- What the task requires: When you copy the listing, skip the images and return each line verbatim.

- Supplied information:
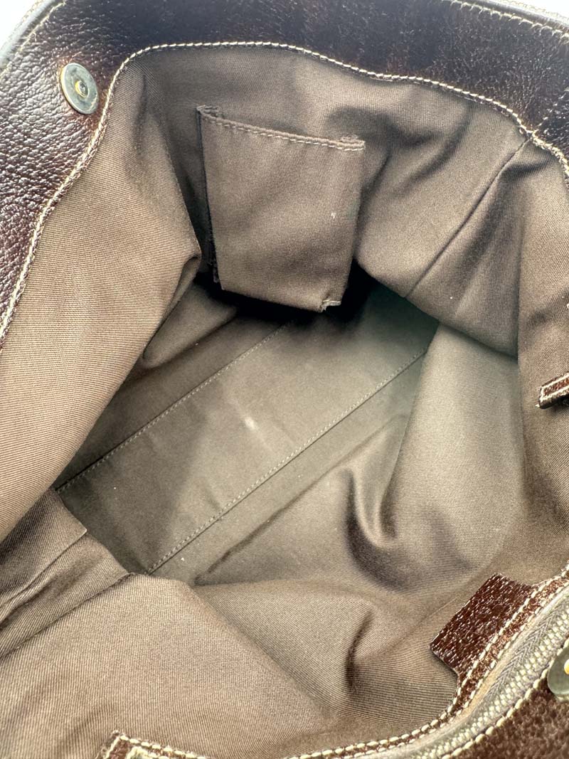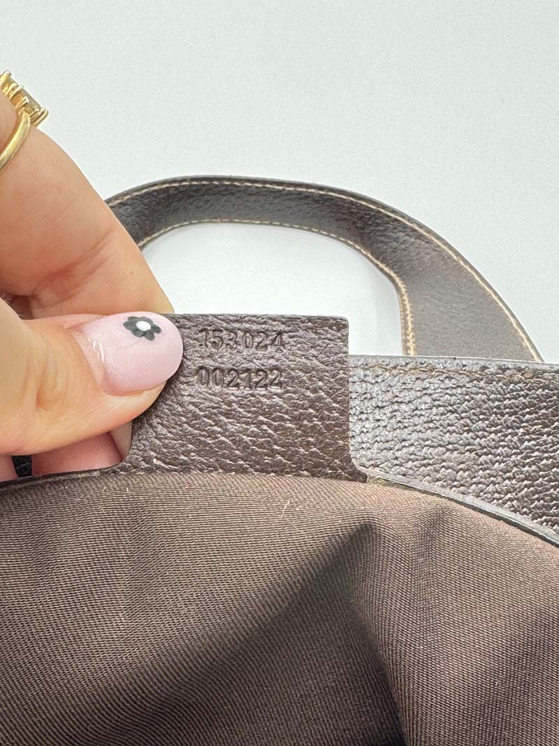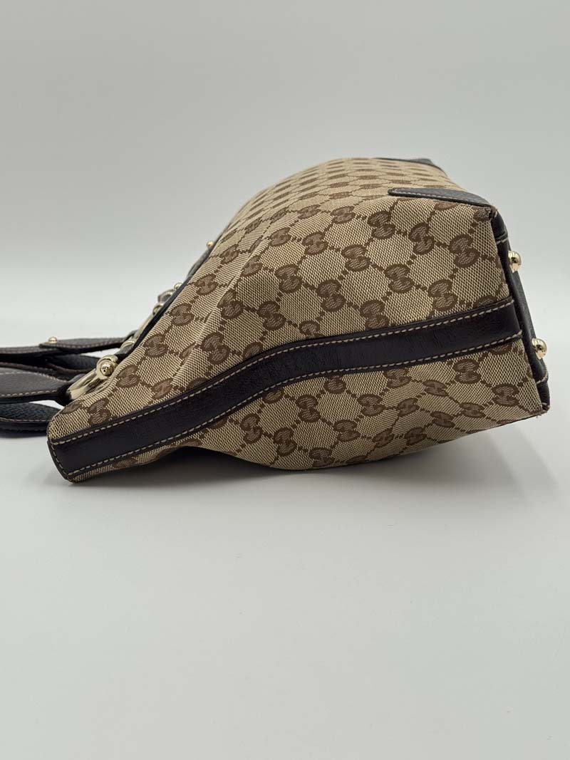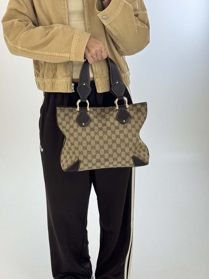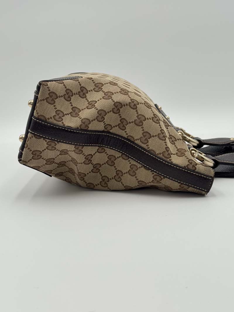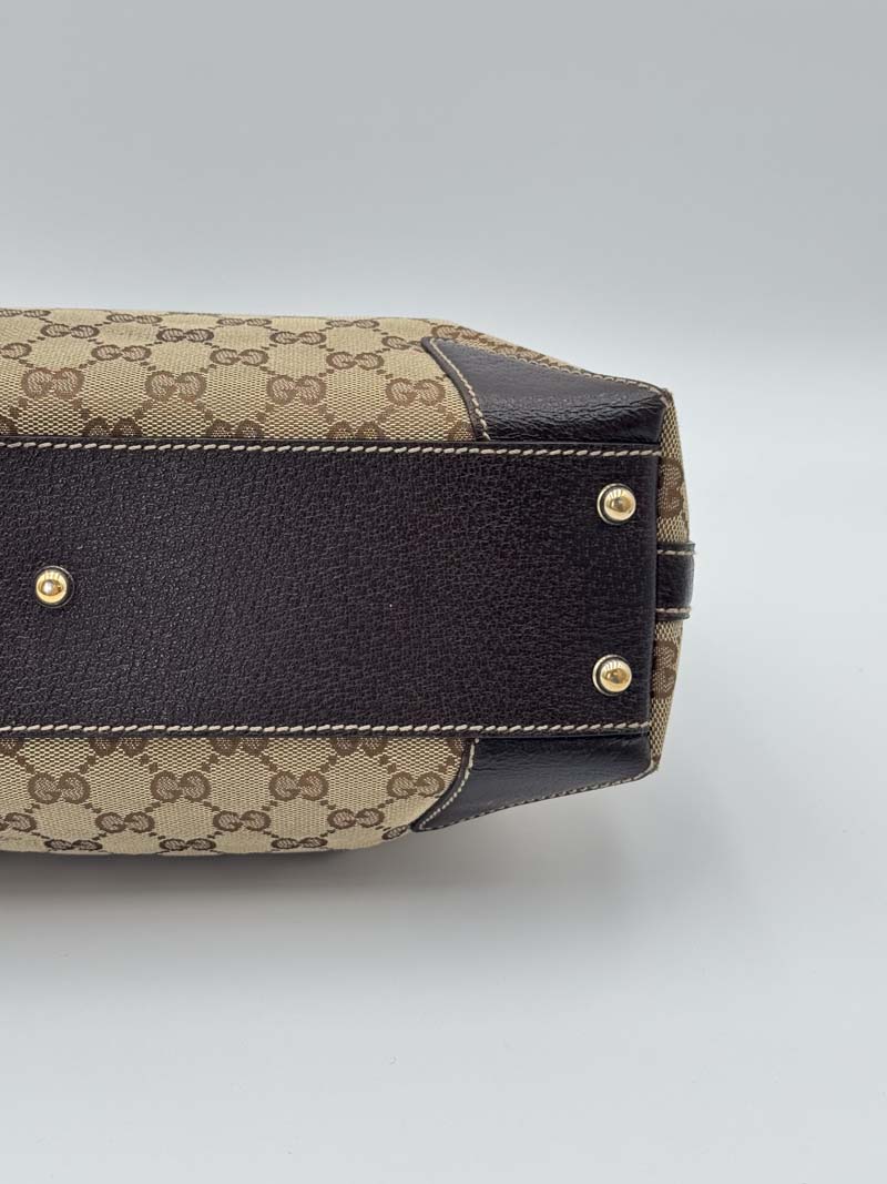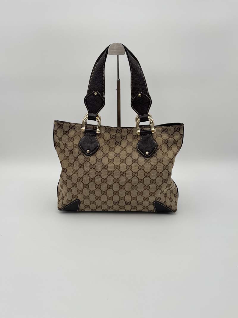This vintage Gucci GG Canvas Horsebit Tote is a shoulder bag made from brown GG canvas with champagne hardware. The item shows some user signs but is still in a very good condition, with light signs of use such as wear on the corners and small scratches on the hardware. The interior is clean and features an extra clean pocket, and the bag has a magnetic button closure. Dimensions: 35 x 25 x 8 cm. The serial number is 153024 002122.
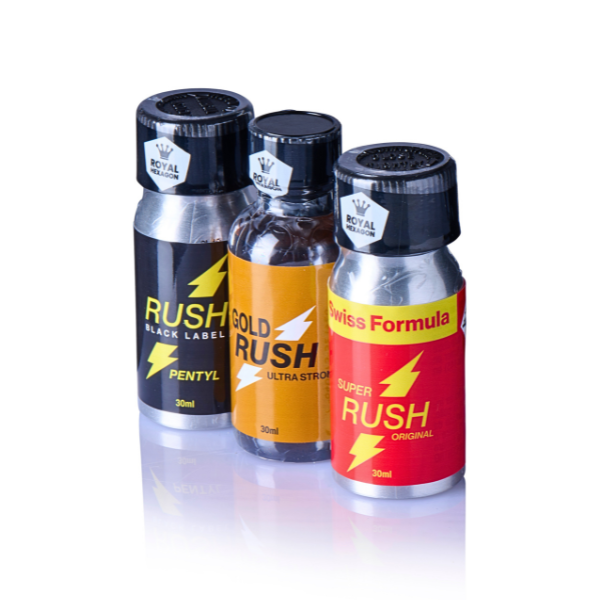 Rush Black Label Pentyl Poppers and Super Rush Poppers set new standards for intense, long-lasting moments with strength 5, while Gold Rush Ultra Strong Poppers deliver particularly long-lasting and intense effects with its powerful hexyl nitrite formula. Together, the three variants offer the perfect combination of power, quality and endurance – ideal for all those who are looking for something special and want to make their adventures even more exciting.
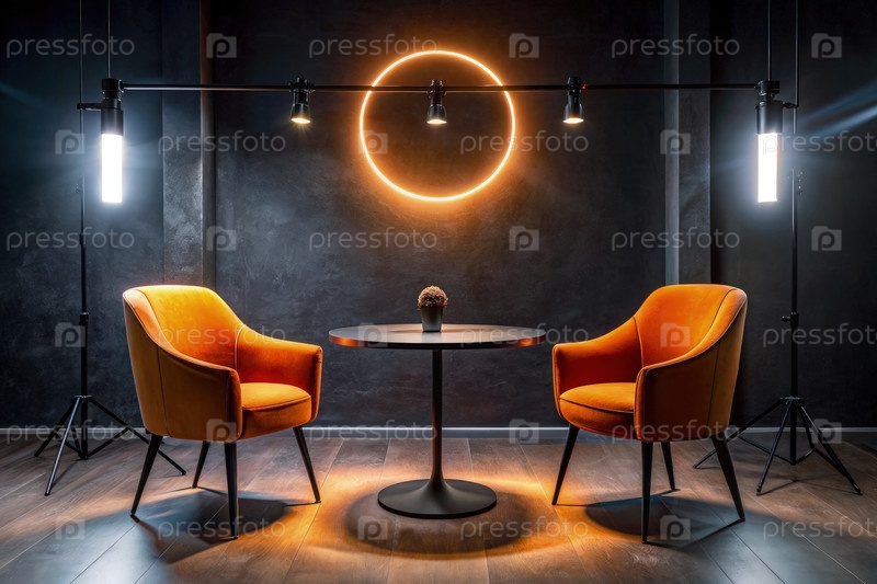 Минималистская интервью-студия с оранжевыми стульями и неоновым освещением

- Result of the task:
This vintage Gucci GG Canvas Horsebit Tote is a shoulder bag made from brown GG canvas with champagne hardware. The item shows some user signs but is still in a very good condition, with light signs of use such as wear on the corners and small scratches on the hardware. The interior is clean and features an extra clean pocket, and the bag has a magnetic button closure. Dimensions: 35 x 25 x 8 cm. The serial number is 153024 002122.
 Rush Black Label Pentyl Poppers and Super Rush Poppers set new standards for intense, long-lasting moments with strength 5, while Gold Rush Ultra Strong Poppers deliver particularly long-lasting and intense effects with its powerful hexyl nitrite formula. Together, the three variants offer the perfect combination of power, quality and endurance – ideal for all those who are looking for something special and want to make their adventures even more exciting.
 Минималистская интервью-студия с оранжевыми стульями и неоновым освещением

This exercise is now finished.